We have not implemented two biggies: triggers or foreign-key constraints,
and the system implements only the 'varchar' datatype. All data is
stored in the database in string form, and we intend to keep this
paradigm even when we implement additional standard data types.
Processor technology is such that converting to/from strings is no longer
an issue.
A complete list of features and limitations is outlined below:
FEATURES
·
Native fully transactionally coherent asynchronous replication.
(Native == replication is implemented natively, NOT by using
triggers).
· Fault tolerant: Only a quorum of PEERs need to be up, automatic
query restart when host-host links go up or down.
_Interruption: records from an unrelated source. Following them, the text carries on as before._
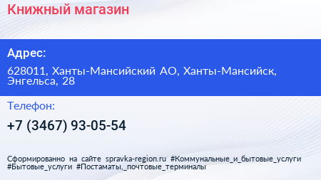 Книжный магазин по адресу 628011, Ханты-Мансийский АО, Ханты-Мансийск, Энгельса, 28 в дальнейшем Организация, размещена в следующих категориях: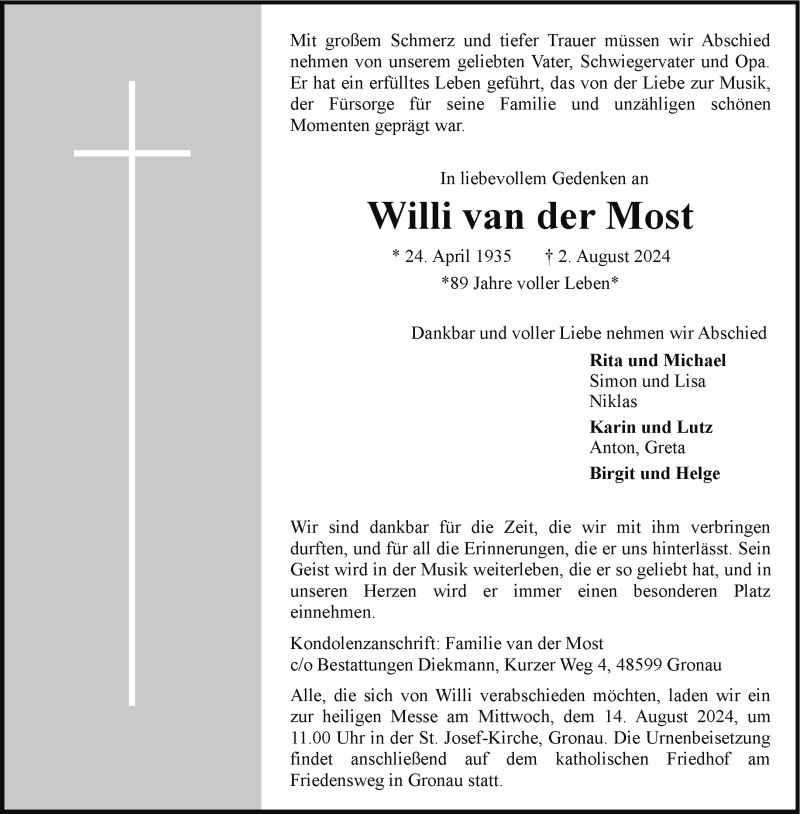 Hier finden Sie alle Traueranzeigen aus der Zeitung, die bisher für Willi van der Most erschienen sind. Weitere Traueranzeigen, die in der Zeitung erscheinen, werden hier ebenfalls aufgelistet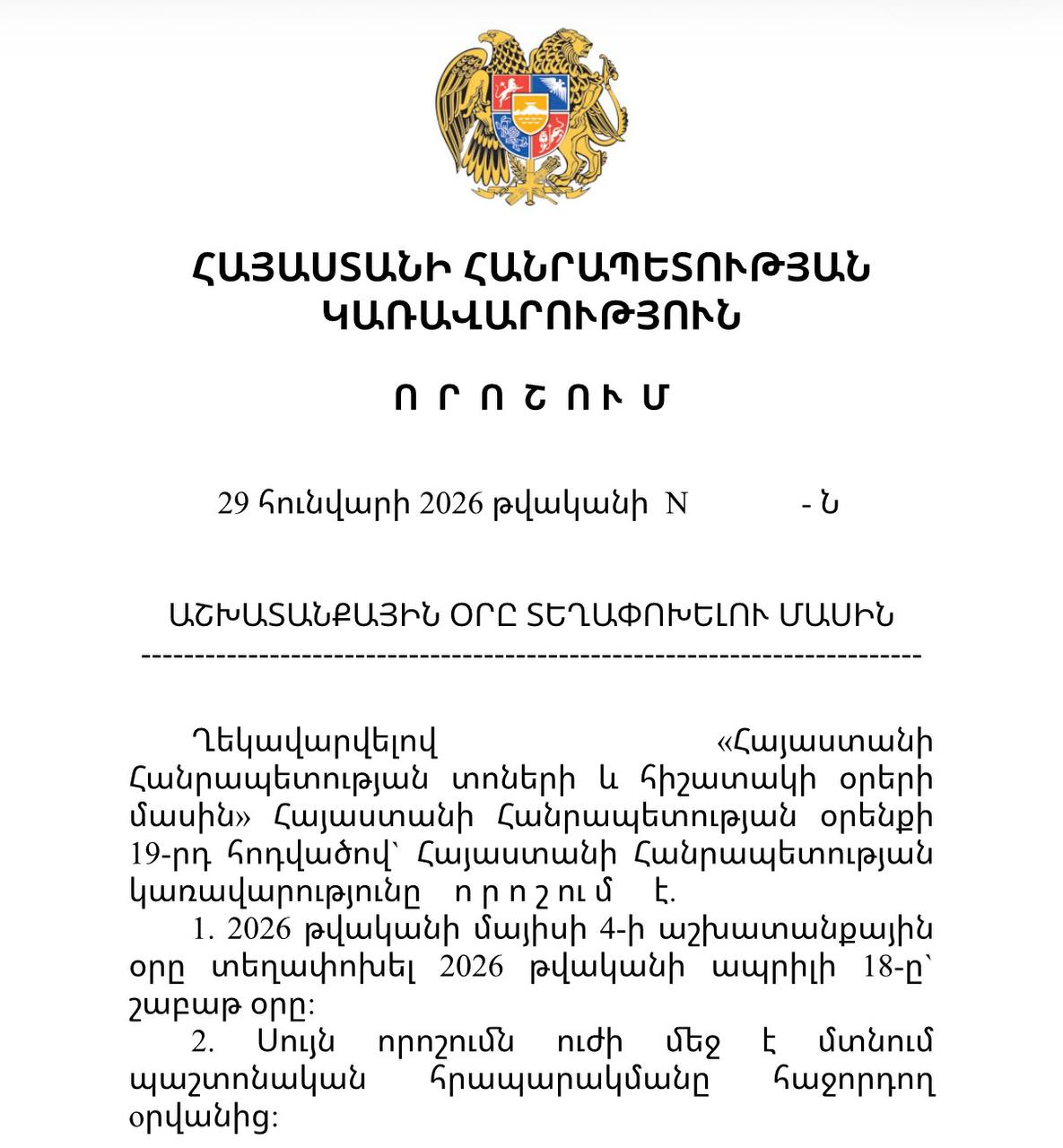 Ըստ որոշման հիմնավորման՝ գագաթաժողովին մասնակցելու են մոտ 50 բարձրաստիճան պատվիրակության` երկրի կամ կառույցի ղեկավարի մակարդակով և Երևանում տրանսպորտային երթևեկությունն արդյունավետ կազմակերպելու համար անհրաժեշտություն է դարձել մայիսի 4-ի աշխատանքային օրը տեղափոխել։ Որոշման նախագծում չի նշվում, թե նշված օրը ոչ աշխատանքային դարձնելու հետևանքով որ օրը կդառնա աշխատանքային։

· SNAPshots (eg. replicated databases that can participate in
read-only queries but do not participate in the quorum-based
commit protocol).
· Automatic B+Tree indexing, incremental on-demand index updates
· Case-insensitive and anchored search operators.
· Basic query optimization - ranged index scans for inequalities.
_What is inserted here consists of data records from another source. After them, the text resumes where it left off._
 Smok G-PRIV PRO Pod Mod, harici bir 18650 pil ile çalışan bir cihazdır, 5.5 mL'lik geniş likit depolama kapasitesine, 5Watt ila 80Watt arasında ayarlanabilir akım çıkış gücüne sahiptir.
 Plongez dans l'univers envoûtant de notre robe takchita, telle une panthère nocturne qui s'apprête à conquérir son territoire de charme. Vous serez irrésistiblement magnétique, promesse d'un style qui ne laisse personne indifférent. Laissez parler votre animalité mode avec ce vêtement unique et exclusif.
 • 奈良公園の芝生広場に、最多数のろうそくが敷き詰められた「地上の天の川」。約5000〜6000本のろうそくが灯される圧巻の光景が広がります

· BEGIN/COMMIT/ROLLBACK Transactions, multi-level, fully coherent
across all PEERs and SNAPshots.
· Arbitrary JOINing
· No limitations on meta-SQL commands in a replicated environment
· Theoretical record-size limit of one gigabyte. Operational record-size
limit (compiled-in), typically 32K to 1MB.
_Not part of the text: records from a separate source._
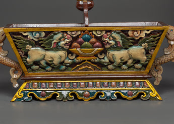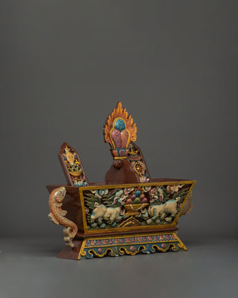The Tibetan Buddhist Chemar Box | Handpainted Wooden Offering Box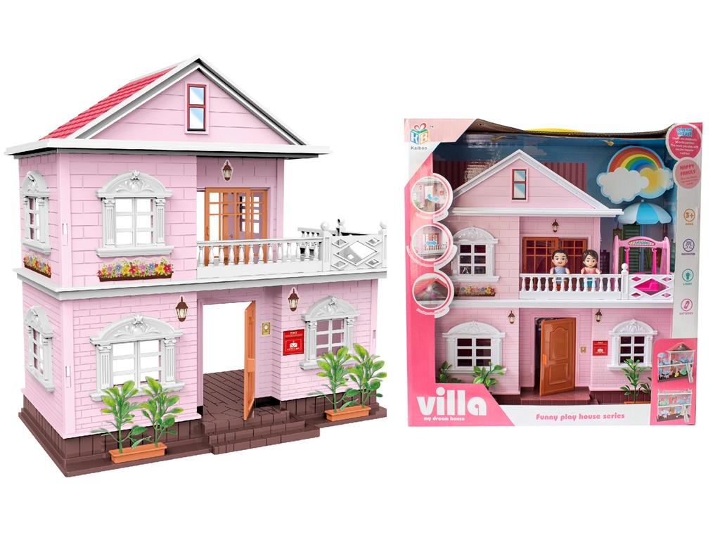 Domek dla lalek - 2 kondygnacje, 3 laleczki w zestawie, akcesoria wyposażenia domu, światło, zasilanie 3xAG13 (dołączone)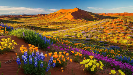 Breathtaking desert landscape with vibrant wildflowers and rolling sand dunes.

· Streaming queries - to avoid having to buffer the complete
results when making queries that might return huge amounts of
data (ORDER BY not available with streaming queries).
· Simple ORDER BY (standard string compare)
· The replicator implements routing via a state-full spanning-tree
and can adapt to any topology as well as route around link
failures. Parallel-transmission and fill is possible, but not
yet implemented (an implementation would be trivial).
· host«==»host replication links implemented via an external
command (eg. ssh)
· Very easy maintenance when you have 3 or more peers. As long
as you maintain the quorum, you can take peers offline for
maintenance without interrupting a live system. Adding new
peers and snapshots is easy, and the newly created databases
will automatically synchronize from existing PEERs or SNAPshots -
no priming is required. Only PEERs are actively managed through
a system table, therefore SNAPshots can be arbitrarily brought online and taken
offline.
· Frozen view. Initiating a transaction freezes your view of
the database. You can specify any historical timestamp
when initiating a top level transaction, giving you a
historical view of the database at any time since its
creation. Vacuuming (during maintenance) can keep
whatever amount of history you wish.
· Free Backups. The PEERs and SNAPshot hosts, and the append-only
historical nature of the physical tables, inherently backs-up
your data.
· Opportunistic locking. The backplane database does not use
table or record locking, because such locking is nearly
impossible to do properly in a replicated environment. Instead
we use opportunistic locking. Opportunistic locking involves
generating a conflict block of modifications on each
participating peer in the commit-1 phase and then rerunning
the queries to test against (1) any commits made after the
freeze point by other clients or peers and (2) any conflict
blocks created by other clients or peers prior to our conflict
block. The two-phase commit protocol operates over a quorum.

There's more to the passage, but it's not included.